[[ DATA SECTION open ]]

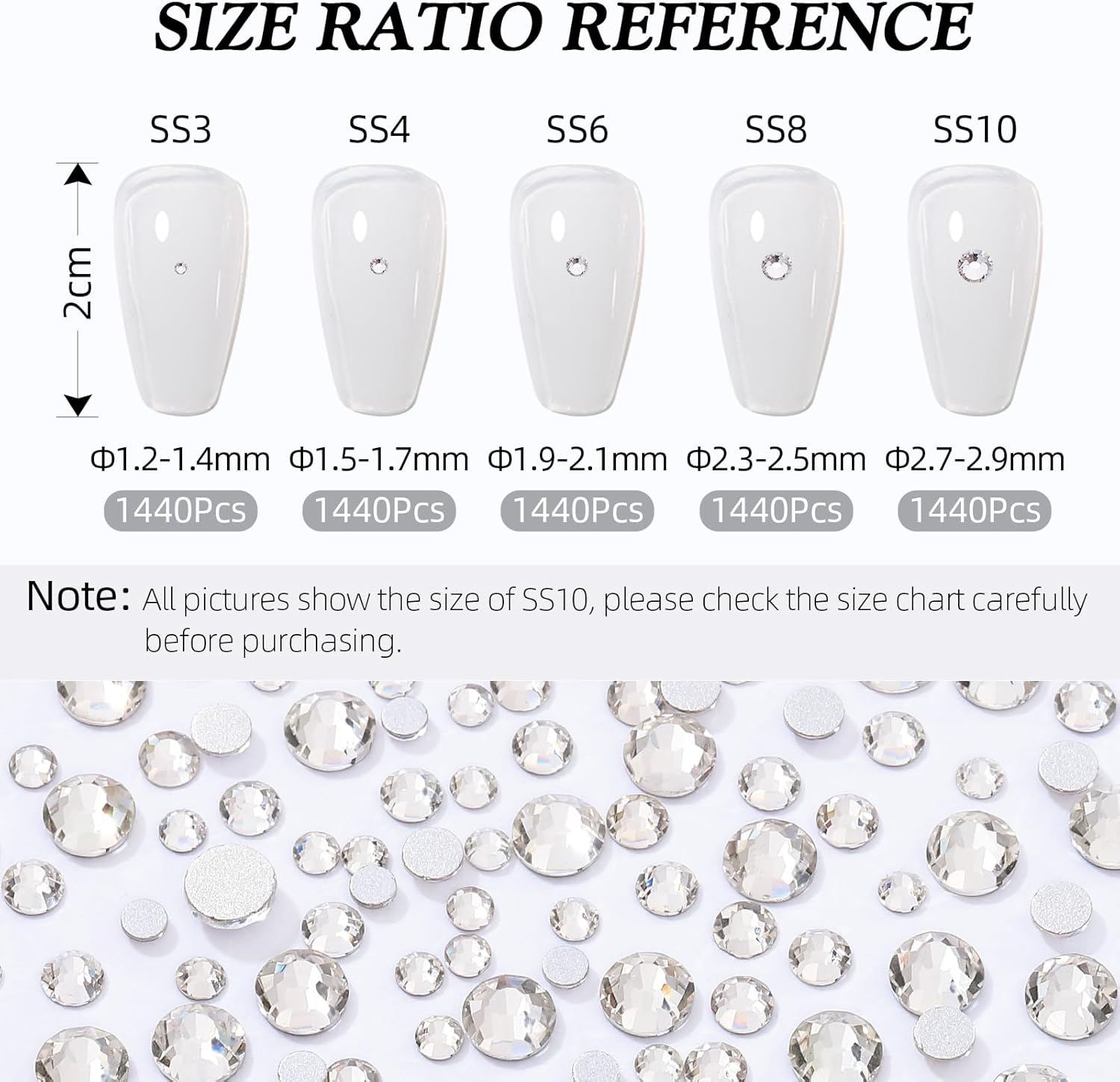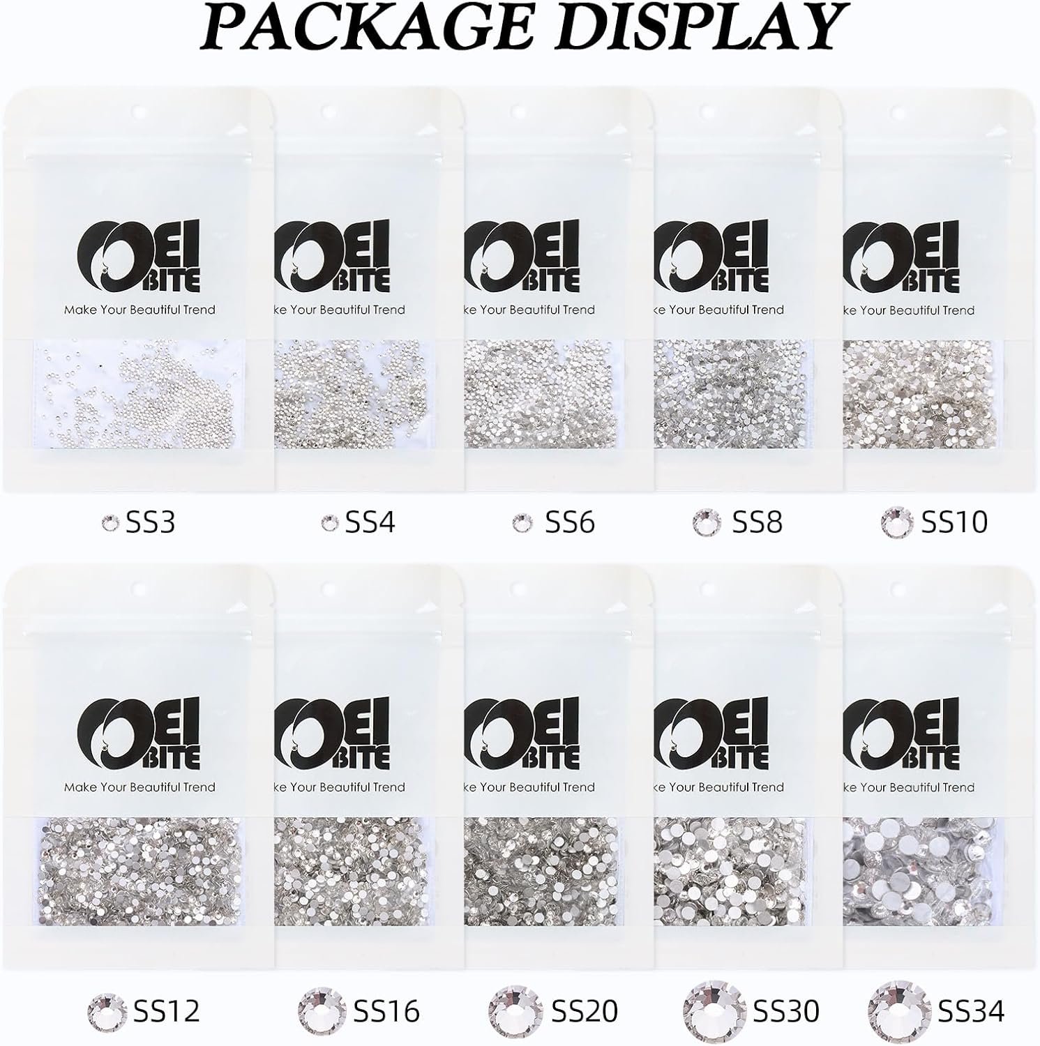 - Product Packaging: Bags packaging SS3 1.3~1.4 MM - 1440 Pcs crystal clear flatback rhinestones
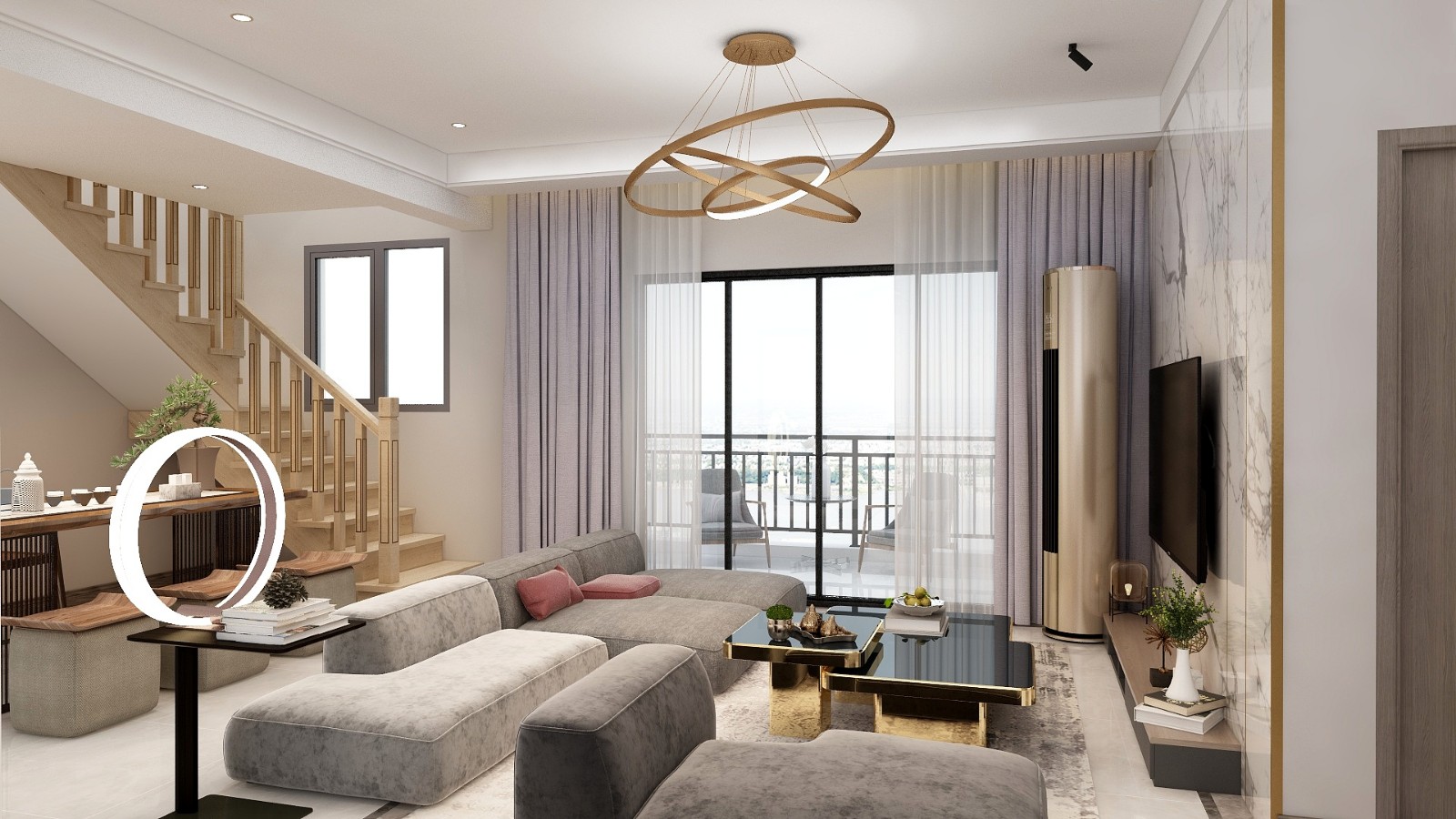 采用了现代轻奢风格,墙面乳胶漆,金属质感的家具极具体现
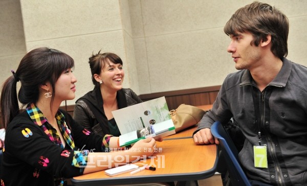 [프라임경제]13일 서울 광진구 화양동에 위치한 건국대 국제학사에서 열린 ‘유학생 멘토 프로그램 간담회’에서 세계 각국에서 한국으로 유학 온 유학생과 이들을 돌보는 한국인 대학생 멘토 파트너들이 이야기를 나누고 있다. 건국대는 올해 2학기부터 유학생들의 대학 생활 적응과 한국 문화 이해를 돕기 이들을 돌보는 학생들에게 1인당 50만원의 장학금을 지급, 유학생의 수업과 학교생활을 전담해서 도와주는 ‘유학생 멘토 장학금’ 제도를 운영하고 있다.
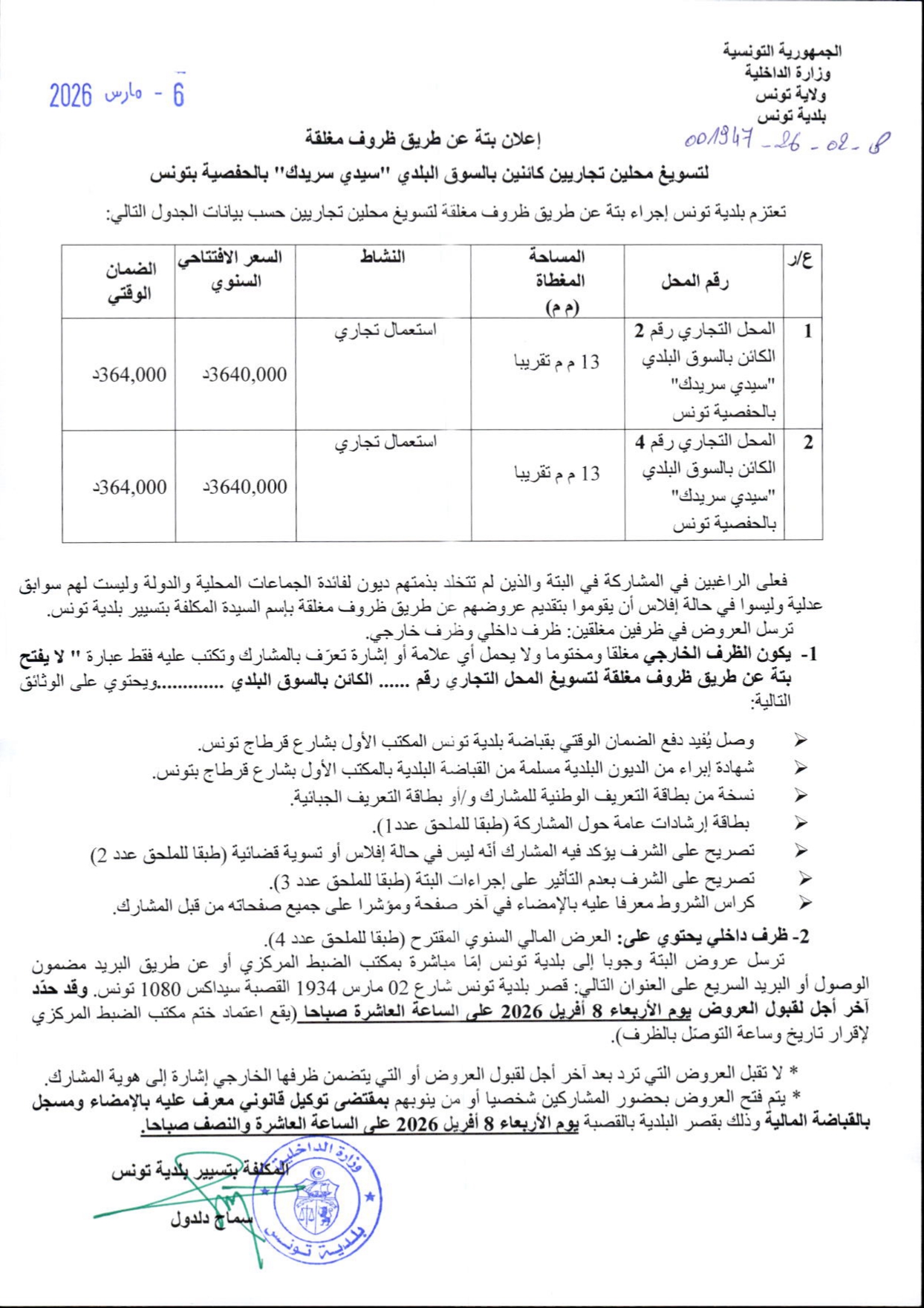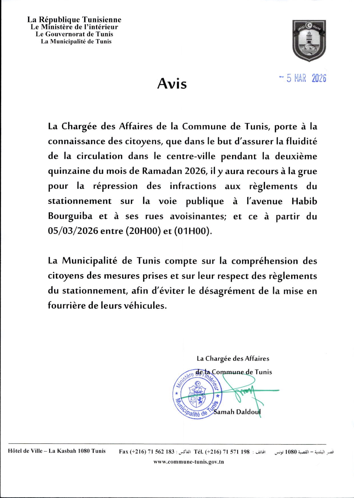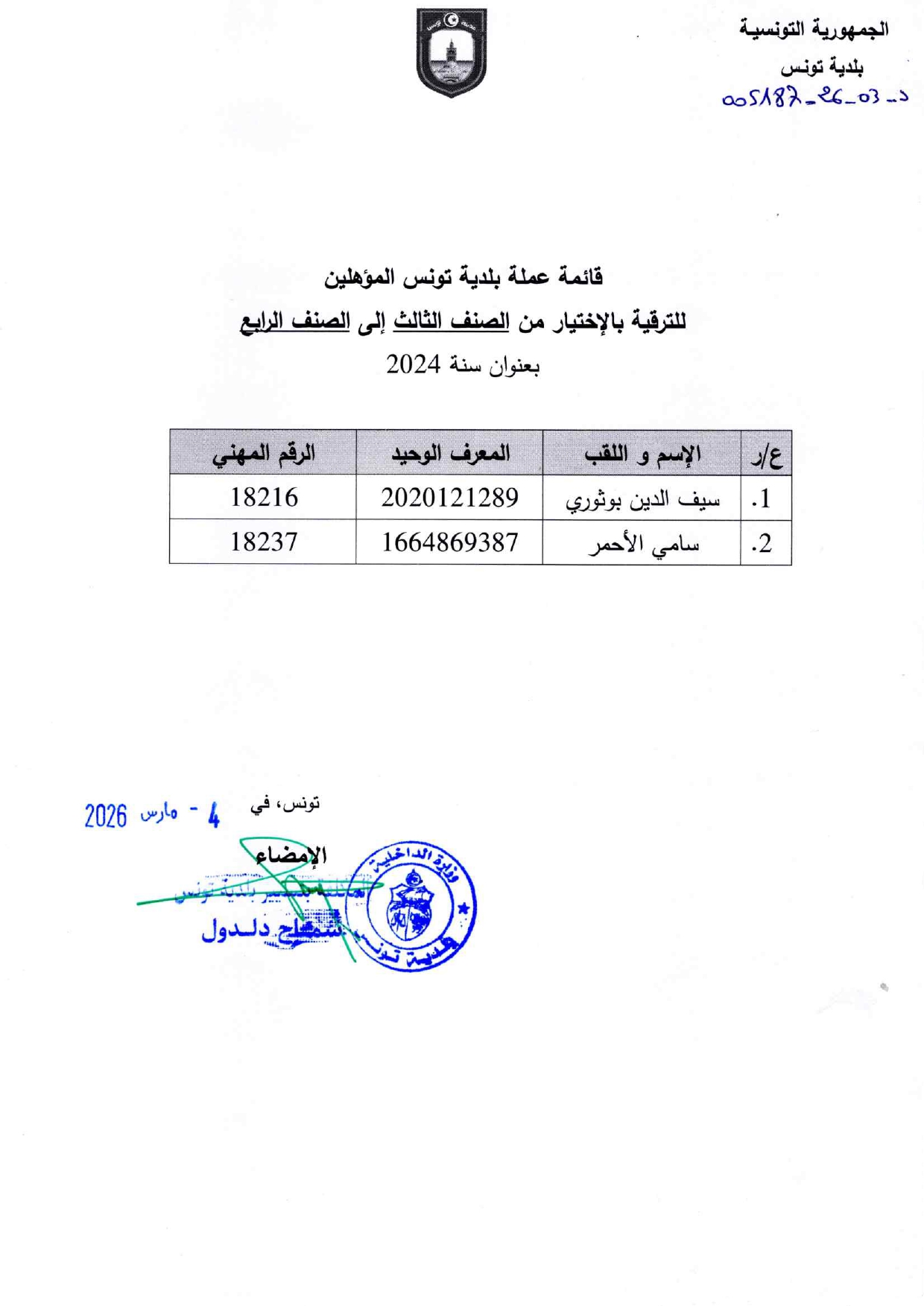 ميزانية البلدية لسنة 2026
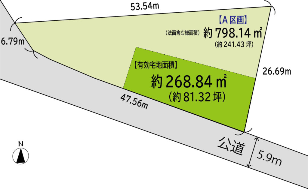 土地面積(実測) 約798.14㎡(約241.43坪) ※有効宅地面積:約268.84㎡(約81.32坪)
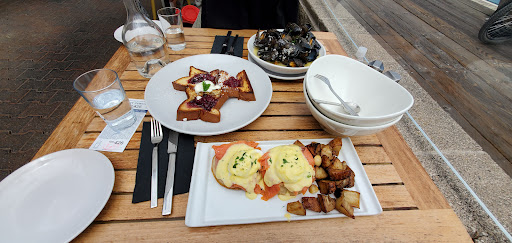 A pretty nice brunch place inside an old garage on a marina. You can get a nice view of the marina/Sausalito. First off, parking in the area is kinda confusing. The environment inside is pretty hectic and loud. The crowd on a Sunday was an interesting mix of couples drunk from drinking too many mimosas, families with crying babies, and random old and young people that normally wouldnt go out with each other. Needless to say, this isnt the best environment for a romantic brunch or a place to have a conversation. The food is pretty decent for brunch. I ordered a croque madame and it was cooked well and well-portioned. My friend got duck confit and it was very savory. The food was okay and the service was kinda crazy only because the crowd was crazy. I think maybe this is a good venue for sunset when its a nice day. Otherwise, nothing too special about this brunch place besides the fact that its in Sausalito.
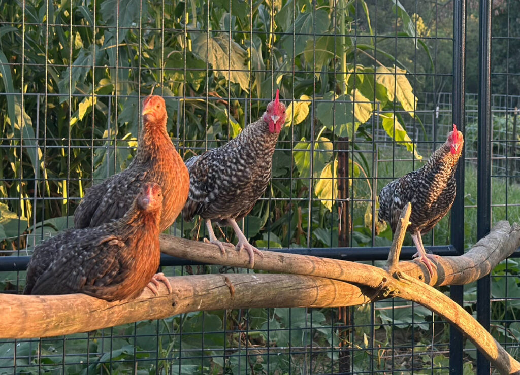 Last May I ordered 15 straight run Crele Old English Game Bantams. I received 17 happy, healthy chicks and raised every single one. They thrived from day one and were a total pleasure–friendly and active from the start. My only problem is the fact that of the 17, 14 were roosters! I realize I ordered straight run, but this is pretty much an autosexing breed. I guess someone ordered pullets the same week and I got the leftover roosters. Fortunately, I was able to place all the extra roosters and I now have a beautiful rooster and three little hens.
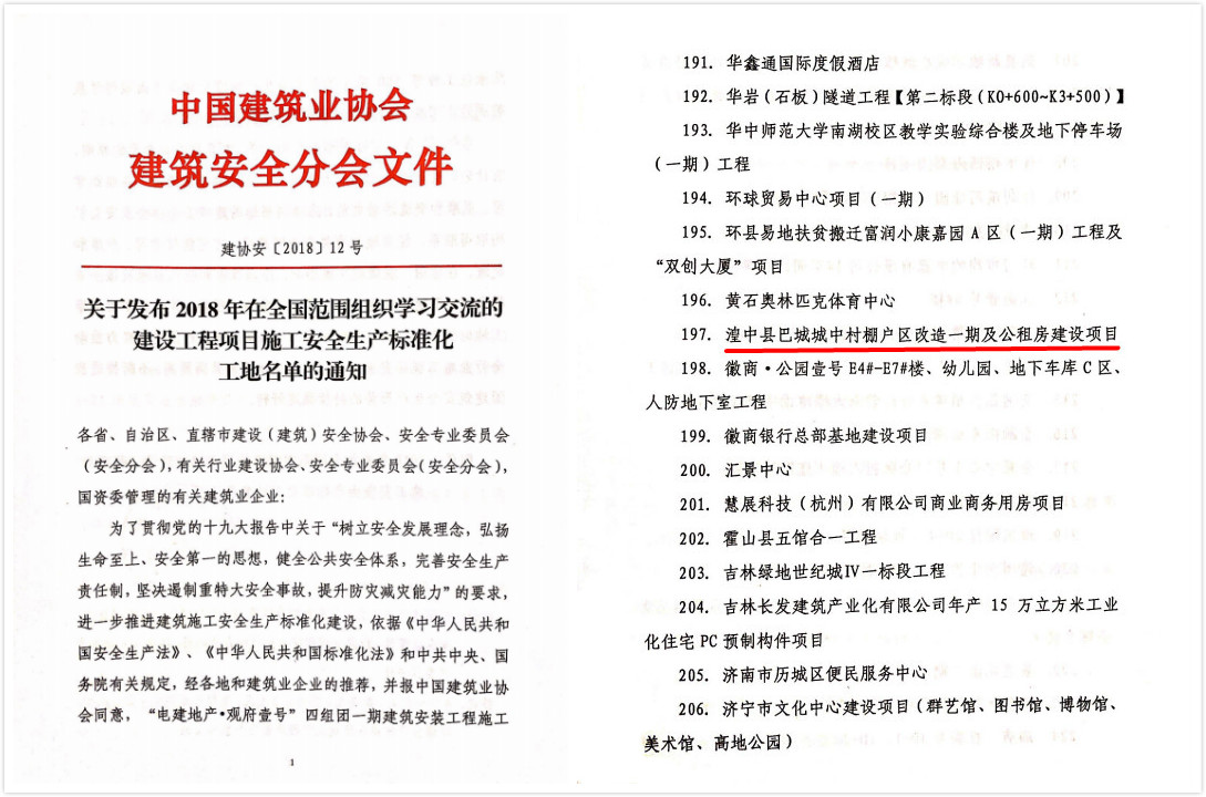 近日,從中國建筑業協會傳來捷報,由安徽遠信監理的青海省湟中縣巴城城中村棚戶區改造一期及公租房建設項目被中國建筑業協會授予2018年“建設工程項目施工安全生產標準化建設工地”稱號,并列入全國組織學習交流的建設工程項目名單。
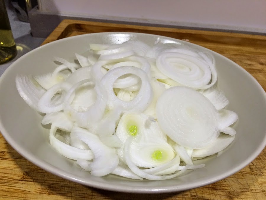 Paso a paso:1. Lo primero que hacemos será pelar y lavar las tres cebollas. Seguidamente con una mandolina o a mano las cortaremos a rodajas, ni muy finas ni muy gruesas.
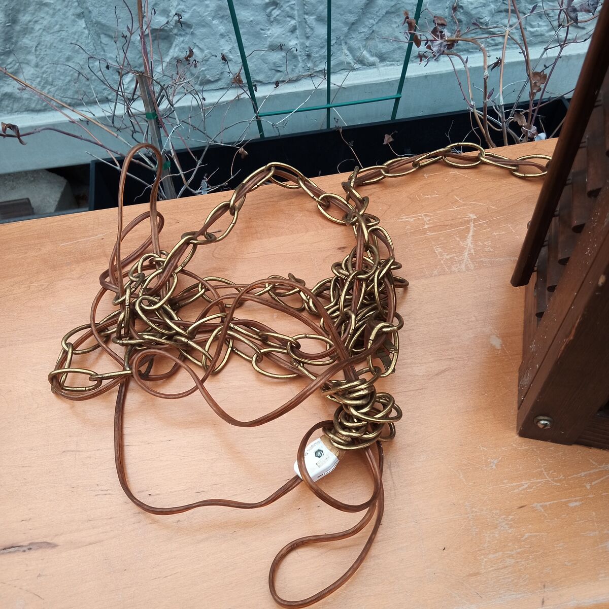 MCM wooden swag lamp, I think from the 1970's, and I think it's pine stained to look like walnut
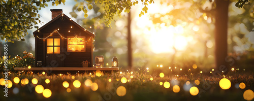A charming wooden house surrounded by glowing lights and lush greenery during a serene sunset, creating a magical atmosphere.

[[ DATA SECTION closed ]]

**WHAT YOU WILL DO:** Please print the records above word for word, leaving every image out.

**OUTPUT OF THE TASK:**
 - Product Packaging: Bags packaging SS3 1.3~1.4 MM - 1440 Pcs crystal clear flatback rhinestones
 采用了现代轻奢风格,墙面乳胶漆,金属质感的家具极具体现
 [프라임경제]13일 서울 광진구 화양동에 위치한 건국대 국제학사에서 열린 ‘유학생 멘토 프로그램 간담회’에서 세계 각국에서 한국으로 유학 온 유학생과 이들을 돌보는 한국인 대학생 멘토 파트너들이 이야기를 나누고 있다. 건국대는 올해 2학기부터 유학생들의 대학 생활 적응과 한국 문화 이해를 돕기 이들을 돌보는 학생들에게 1인당 50만원의 장학금을 지급, 유학생의 수업과 학교생활을 전담해서 도와주는 ‘유학생 멘토 장학금’ 제도를 운영하고 있다.
 ميزانية البلدية لسنة 2026
 土地面積(実測) 約798.14㎡(約241.43坪) ※有効宅地面積:約268.84㎡(約81.32坪)
 A pretty nice brunch place inside an old garage on a marina. You can get a nice view of the marina/Sausalito. First off, parking in the area is kinda confusing. The environment inside is pretty hectic and loud. The crowd on a Sunday was an interesting mix of couples drunk from drinking too many mimosas, families with crying babies, and random old and young people that normally wouldnt go out with each other. Needless to say, this isnt the best environment for a romantic brunch or a place to have a conversation. The food is pretty decent for brunch. I ordered a croque madame and it was cooked well and well-portioned. My friend got duck confit and it was very savory. The food was okay and the service was kinda crazy only because the crowd was crazy. I think maybe this is a good venue for sunset when its a nice day. Otherwise, nothing too special about this brunch place besides the fact that its in Sausalito.
 Last May I ordered 15 straight run Crele Old English Game Bantams. I received 17 happy, healthy chicks and raised every single one. They thrived from day one and were a total pleasure–friendly and active from the start. My only problem is the fact that of the 17, 14 were roosters! I realize I ordered straight run, but this is pretty much an autosexing breed. I guess someone ordered pullets the same week and I got the leftover roosters. Fortunately, I was able to place all the extra roosters and I now have a beautiful rooster and three little hens.
 近日,從中國建筑業協會傳來捷報,由安徽遠信監理的青海省湟中縣巴城城中村棚戶區改造一期及公租房建設項目被中國建筑業協會授予2018年“建設工程項目施工安全生產標準化建設工地”稱號,并列入全國組織學習交流的建設工程項目名單。
 Paso a paso:1. Lo primero que hacemos será pelar y lavar las tres cebollas. Seguidamente con una mandolina o a mano las cortaremos a rodajas, ni muy finas ni muy gruesas.
 MCM wooden swag lamp, I think from the 1970's, and I think it's pine stained to look like walnut
A charming wooden house surrounded by glowing lights and lush greenery during a serene sunset, creating a magical atmosphere.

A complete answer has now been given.